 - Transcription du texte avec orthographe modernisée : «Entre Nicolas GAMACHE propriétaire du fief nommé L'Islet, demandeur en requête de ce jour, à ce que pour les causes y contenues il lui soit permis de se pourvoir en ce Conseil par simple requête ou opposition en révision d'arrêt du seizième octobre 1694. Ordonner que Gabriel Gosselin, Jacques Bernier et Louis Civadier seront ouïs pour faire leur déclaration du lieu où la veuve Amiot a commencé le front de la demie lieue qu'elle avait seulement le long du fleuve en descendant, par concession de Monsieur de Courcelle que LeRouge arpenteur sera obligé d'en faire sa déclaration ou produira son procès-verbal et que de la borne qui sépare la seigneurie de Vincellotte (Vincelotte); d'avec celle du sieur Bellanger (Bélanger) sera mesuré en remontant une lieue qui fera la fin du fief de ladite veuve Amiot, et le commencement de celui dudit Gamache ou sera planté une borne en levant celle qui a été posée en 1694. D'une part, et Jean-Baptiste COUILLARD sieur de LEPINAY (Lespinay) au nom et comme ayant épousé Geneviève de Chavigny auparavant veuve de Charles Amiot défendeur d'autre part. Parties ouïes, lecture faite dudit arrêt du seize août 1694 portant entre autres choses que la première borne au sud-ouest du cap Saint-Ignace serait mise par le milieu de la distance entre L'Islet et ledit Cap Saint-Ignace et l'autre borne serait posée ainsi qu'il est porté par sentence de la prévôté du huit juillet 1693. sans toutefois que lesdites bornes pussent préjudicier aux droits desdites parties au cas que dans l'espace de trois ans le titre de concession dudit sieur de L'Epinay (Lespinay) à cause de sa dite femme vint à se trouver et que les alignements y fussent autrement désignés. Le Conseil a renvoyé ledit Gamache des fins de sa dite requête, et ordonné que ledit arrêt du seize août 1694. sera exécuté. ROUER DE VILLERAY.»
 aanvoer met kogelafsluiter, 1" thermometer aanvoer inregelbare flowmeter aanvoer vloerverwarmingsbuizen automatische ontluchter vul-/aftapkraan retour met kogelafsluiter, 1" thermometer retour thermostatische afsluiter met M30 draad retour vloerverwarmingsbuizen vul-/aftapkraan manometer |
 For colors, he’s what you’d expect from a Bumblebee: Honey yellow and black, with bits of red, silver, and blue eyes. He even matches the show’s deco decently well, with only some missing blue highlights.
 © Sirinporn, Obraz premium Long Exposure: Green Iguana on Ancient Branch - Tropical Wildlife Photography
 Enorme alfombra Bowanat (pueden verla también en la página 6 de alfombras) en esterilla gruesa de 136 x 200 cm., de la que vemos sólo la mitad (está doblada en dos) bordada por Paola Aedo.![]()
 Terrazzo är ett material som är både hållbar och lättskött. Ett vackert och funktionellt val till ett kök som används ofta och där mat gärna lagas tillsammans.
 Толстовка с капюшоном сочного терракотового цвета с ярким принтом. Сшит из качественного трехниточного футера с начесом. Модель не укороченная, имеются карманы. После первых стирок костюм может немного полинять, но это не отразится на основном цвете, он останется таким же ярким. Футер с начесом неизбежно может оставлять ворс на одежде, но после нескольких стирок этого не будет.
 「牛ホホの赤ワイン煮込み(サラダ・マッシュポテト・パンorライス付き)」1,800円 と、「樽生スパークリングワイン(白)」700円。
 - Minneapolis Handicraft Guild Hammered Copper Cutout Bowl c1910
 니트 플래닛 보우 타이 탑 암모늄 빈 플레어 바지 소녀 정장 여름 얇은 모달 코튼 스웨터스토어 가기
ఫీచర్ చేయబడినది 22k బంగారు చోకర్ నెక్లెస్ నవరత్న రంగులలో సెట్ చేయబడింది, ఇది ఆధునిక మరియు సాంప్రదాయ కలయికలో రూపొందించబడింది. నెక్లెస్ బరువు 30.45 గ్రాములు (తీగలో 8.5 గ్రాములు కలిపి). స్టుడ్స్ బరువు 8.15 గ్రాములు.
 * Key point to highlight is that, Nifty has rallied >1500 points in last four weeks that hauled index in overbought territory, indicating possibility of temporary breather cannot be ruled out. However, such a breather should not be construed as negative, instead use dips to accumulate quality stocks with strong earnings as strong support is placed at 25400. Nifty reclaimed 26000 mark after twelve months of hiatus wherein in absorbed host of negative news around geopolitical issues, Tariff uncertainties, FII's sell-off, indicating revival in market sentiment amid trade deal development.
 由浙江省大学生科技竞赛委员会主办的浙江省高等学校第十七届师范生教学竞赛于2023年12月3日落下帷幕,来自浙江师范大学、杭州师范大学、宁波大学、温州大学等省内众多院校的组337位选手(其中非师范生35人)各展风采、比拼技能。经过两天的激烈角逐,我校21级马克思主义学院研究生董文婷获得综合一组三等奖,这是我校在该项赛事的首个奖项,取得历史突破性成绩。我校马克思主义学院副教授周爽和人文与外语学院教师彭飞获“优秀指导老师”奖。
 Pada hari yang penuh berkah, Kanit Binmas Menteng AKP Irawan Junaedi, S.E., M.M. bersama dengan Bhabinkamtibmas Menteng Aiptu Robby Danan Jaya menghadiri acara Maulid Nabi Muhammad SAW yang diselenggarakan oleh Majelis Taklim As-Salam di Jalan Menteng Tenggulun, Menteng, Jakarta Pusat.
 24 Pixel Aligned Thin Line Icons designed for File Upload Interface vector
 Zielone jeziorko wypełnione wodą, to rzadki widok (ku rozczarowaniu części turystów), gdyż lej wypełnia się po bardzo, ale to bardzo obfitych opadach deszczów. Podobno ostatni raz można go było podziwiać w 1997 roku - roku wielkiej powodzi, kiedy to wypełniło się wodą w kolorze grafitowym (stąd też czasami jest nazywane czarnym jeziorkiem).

# Activity
Your answer should be one number: how many lines of the listing include the word "with".

# Completed exercise
2